The book therefore contains a catalogue of the Walker specimens on which new species were based by Arnott and Hooker (the ‘types’), a catalogue of her drawings (which are mainly of orchids), and transcripts of all her letters. The book also has an introduction putting the Walkers’ collecting activities in historical context, and in terms of the vegetation of Ceylon; short accounts of the Walker’s lives; a gazetteer of their collecting localities; and a listing of the 64 flowering plants (and 4 ferns) named after them. Professor David Mabberley has described the work as ‘a great contribution to botanical scholarship’, expressing surprise at ‘how much “on the public record” has had to be corrected’.

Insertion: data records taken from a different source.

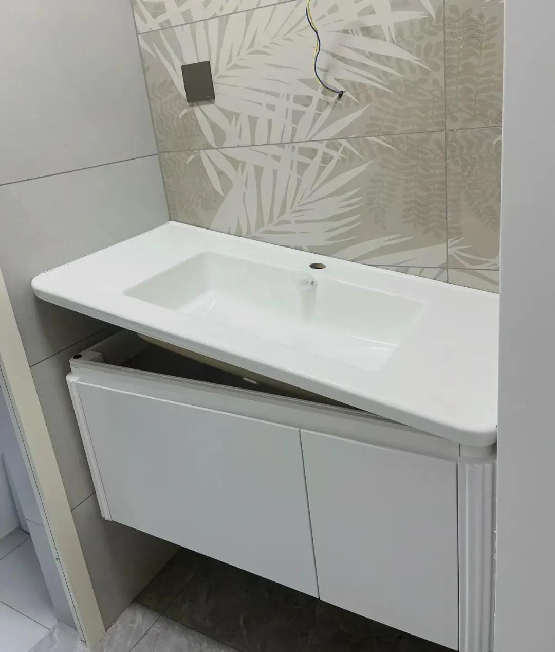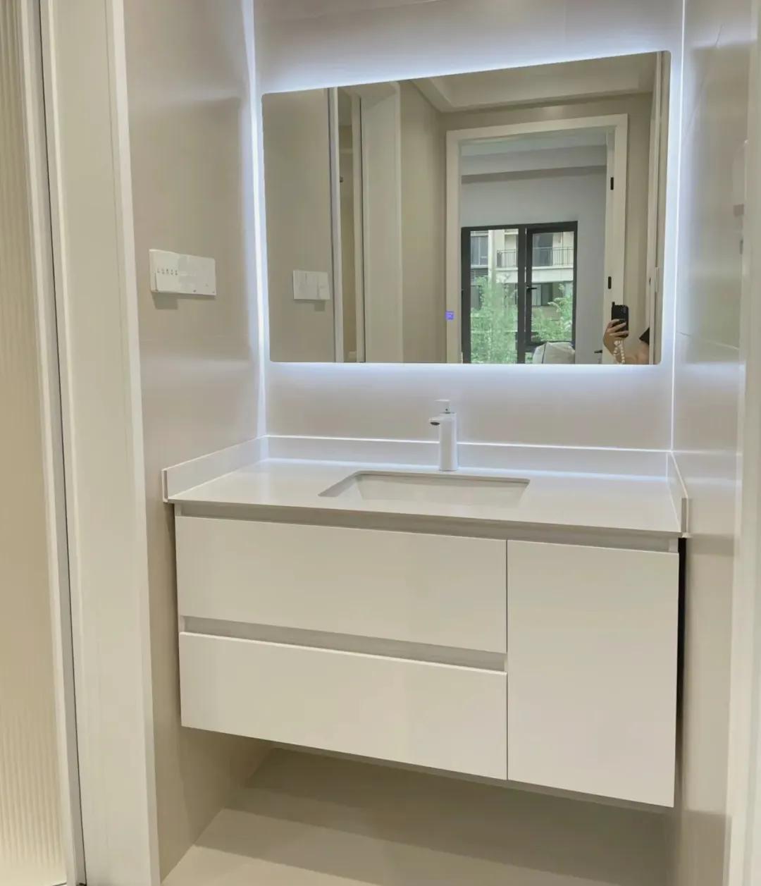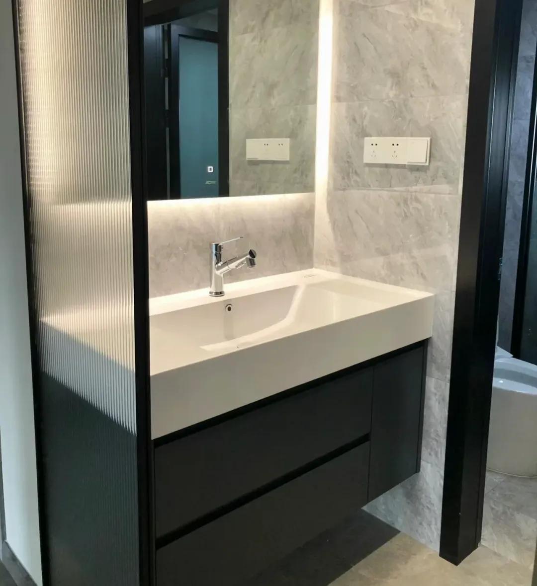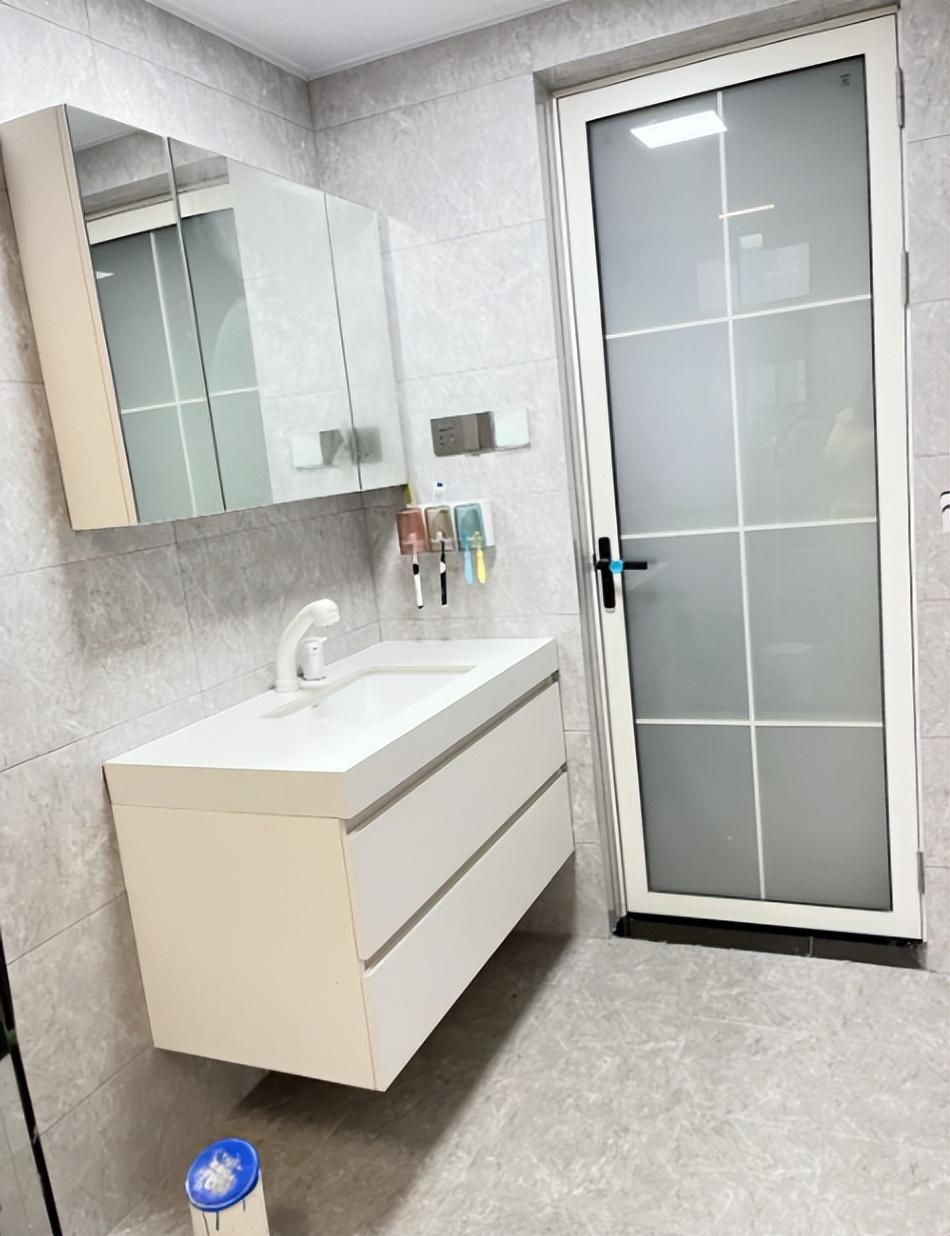 還有小夥伴做的乾溼分離,浴室櫃在外側兩堵牆之間,量的時候好好,買的尺寸齊齊整整,一個不成想,先裝了門套,面盆放不下了...
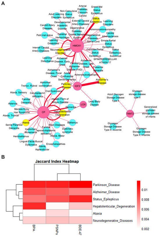 Subsequently, we used the Jaccard similarity coefficient to measure the similarity between the complete differential gene data before and after treatment with the three pollutants and the gene lists obtained from the CTD database that are specifically associated with the six diseases mentioned above. The results showed that the three pollutants were more strongly associated with Parkinson’s disease, Alzheimer’s disease, and status epilepticus. Among them, BPA showed more significant correlation with hepatolenticular degeneration, which is a genetic disorder whose pathogenesis is closely related to defects in ATP7B [43], leading to abnormal copper metabolism and resulting in a series of neurodevelopmental disorders. [44,45]. In brief, although we only conducted an association analysis between the genes of the three pollutants and the genes of six typical diseases without delving into the mechanisms by which they trigger diseases, our results provide some support for the possibility that the three pollutants may share similar mechanisms in causing neurodevelopmental toxicity (Figure 7B).
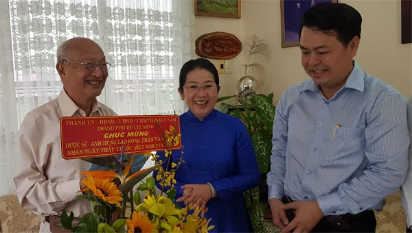 Nhân Ngày Thầy thuốc Việt Nam (27/2), cũng trong sáng nay, đoàn lãnh đạo Thành phố do bà Tô Thị Bích Châu - Ủy viên Ban Thường vụ Thành ủy, Chủ tịch Ủy ban Mặt trận Tổ quốc Việt Nam Thành phố làm trưởng đoàn đã đến thăm bác sĩ Trương Xuân Liễu – nguyên Giám đốc Sở Y tế Thành phố và Phó giáo sư - bác sĩ Trần Văn Bé – nguyên Giám đốc Bệnh viện Truyền máu huyết học.
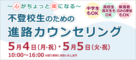 勉強に関すること、進路のことなど、様々な不安について、河合塾コスモの進学アドバイザーにご相談いただけます。ご希望の時間帯に約60分程度で個別対応いたします。● 5月 4日(月・祝)● 5月 5日(火・祝)
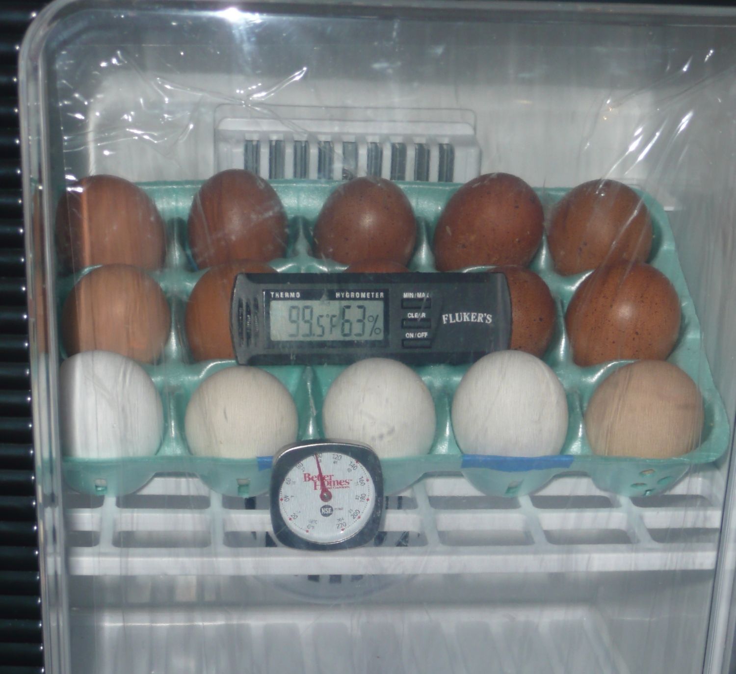 The Marans mix hatched from on the of the eggs on the back two rows. The breeder told us she didn't think it was possible for the father to be a white leghorn, but she had not idea what could have come out dominate white from those eggs and she did have white leghorns on the property and things do happen.
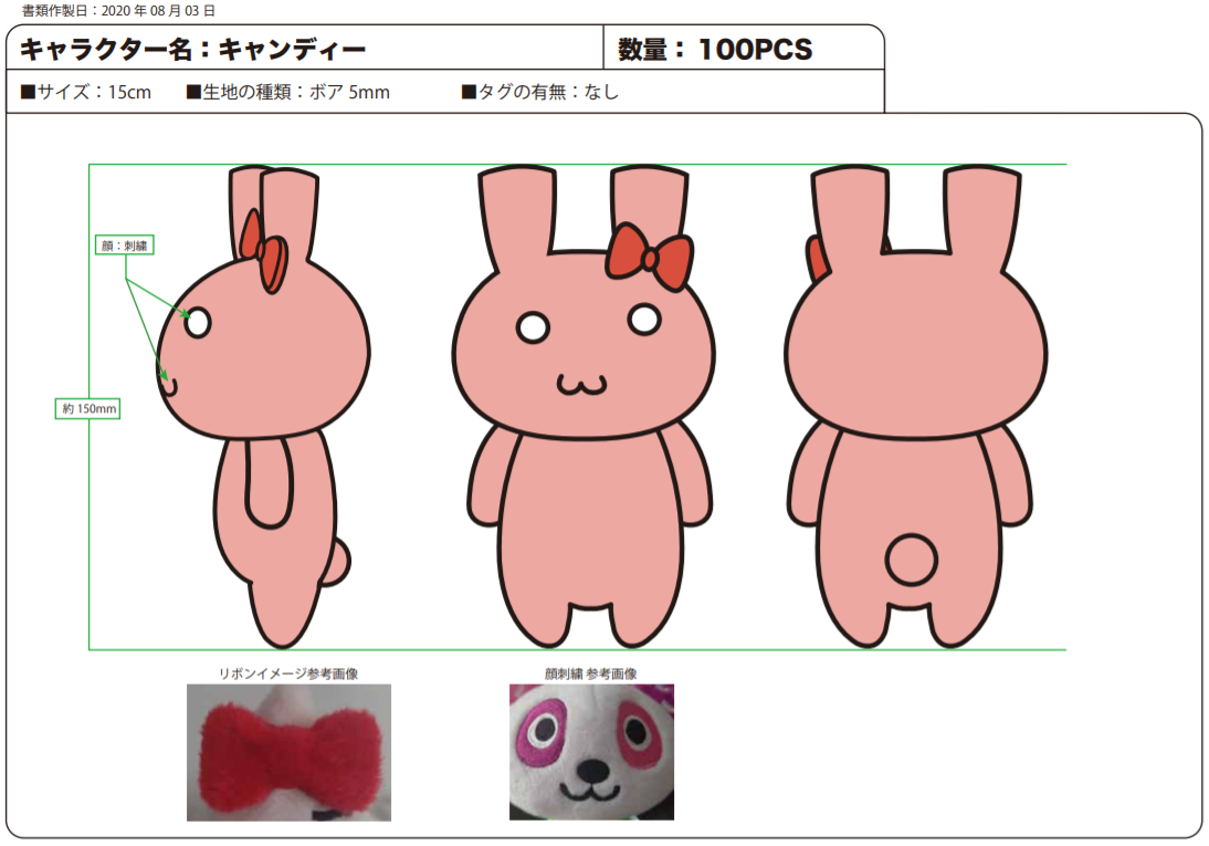 怪盗キャンディのぬいぐるみ工場発注!2020/08/04中国の工場でぬいぐるみを生産! ふわふわのボア生地に、イメージぴったりのピンク色を指定しました。
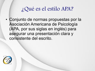 El documento introduce el estilo APA para citas y referencias bibliográficas. Explica que el APA es un conjunto de normas para presentar escritos de manera clara y consistente. Detalla las formas de realizar citas directas e indirectas en el texto y especifica cómo organizar la lista de referencias al final del documento.
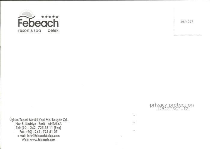 Belek Febeach Resort & Spa postalisch nicht gelaufen Erhaltung siehe scans
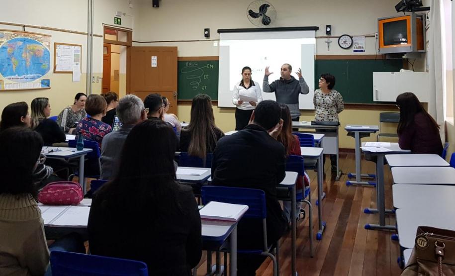 Nos dias 25 e 26 de julho, aconteceu, nas instituições de ensino da Rede Pública Estadual e nas Escolas Especializadas, Estudo e Planejamento referente ao segundo semestre de 2019 no qual foram desenvolvidas oficinas com todos os profissionais da Educação, equipe diretiva, equipe pedagógica, professores e agentes educacionais. O estudo e planejamento teve como objetivo o aprimoramento das práticas pedagógicas, com foco na aprendizagem e permanência dos estudantes na escola. Foram trabalhados vários assuntos: Avaliação e Replanejamento do Plano de Ação, As dez Competências da BNCC, Ensino e Aprendizagem, Como nossos Alunos Aprendem, Currículo Funcional, Estudos de Casos, com materiais específicos para os Cursos Médio Integrado, Cursos subsequentes e EJA. A chefe do NRE, professora Ana Maria Molini, ressalta a importância do estudo e planejamento para todos os profissionais, pois a qualidade do ensino e da aprendizagem passa pela formação de todos os envolvidos com a educação.
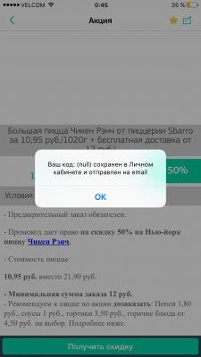 - Также промокод дает право на скидку 30% на пиццу (43 см) "Диабло" и "Вегетарианская"от "Sbarro".
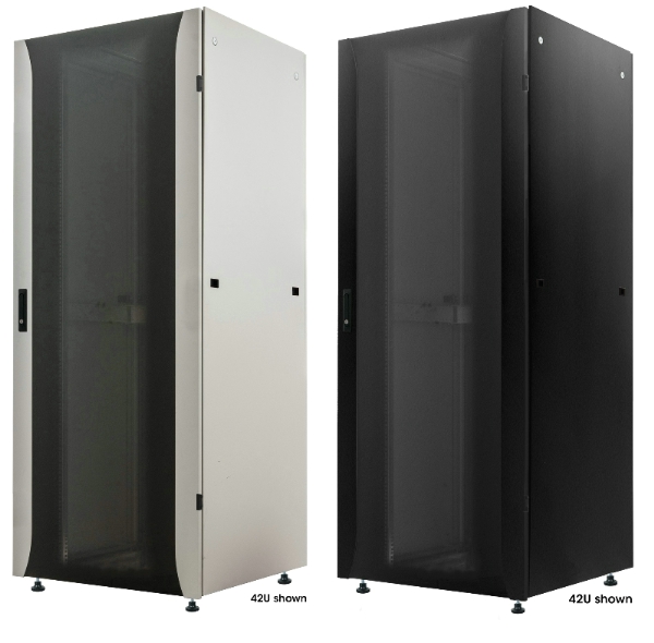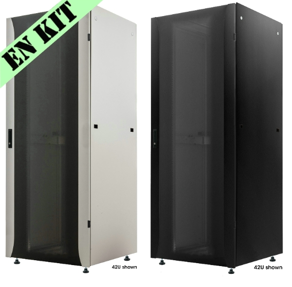 Noir - 42U - 600 x 800 mm - >Armoire informatique de brassage gris ou noir Gamme PREMIUM, 19", pré assemblée, 22U à 42U. Cette grande baie serveurs très robuste sera parfaite pour l'installation de votre structure réseaux ayant de lourds serveurs ou appareils de type onduleurs: elle peut supporter une charge maximum de 2 000 Kg, et dispose de plusieurs choix de hauteur allant jusqu'à 42U. Possibilité d'ajouter des ventilateurs en haut et en bas qui vont donc pouvoir aérer et refroidir vos appareils. Passage de câble en haut et en bas de cette baie pour faciliter l'installation de votre infrastructure réseau. La porte dispose d'une serrure pour protéger vos appareils. Cette baie est livrée déjà montée. Couleur : Noir ( RAL9005) ou Gris ( RAL7035) Livré avec : accessoires d'installation, 4 montants ajustables, 4 pieds ajustables Kit de vis M6 ou des étagères fixe pour coffret, disponible ici : kit de vis, étagère fixe 714297, 715720, 715737, 715744, 715751, 715768

Several outstanding discoveries relating to the Walkers remain to be made, and may be with descendants of whom there must be many – in particular whereabouts of portraits of Colonel Robert Patton last seen in 1938, the oil landscape paintings Anna Maria made in St Helena, and somewhere there must surely be a portrait of her, as her sister Sarah, Lady Torrens was painted by John Linnell, and her brother John Wogan Patton by George Chinnery.
The Botanical Collections of Colonel & Mrs Walker: Ceylon, 1830–1838, by H.J. Noltie. ISBN 978-1-906129-89-7.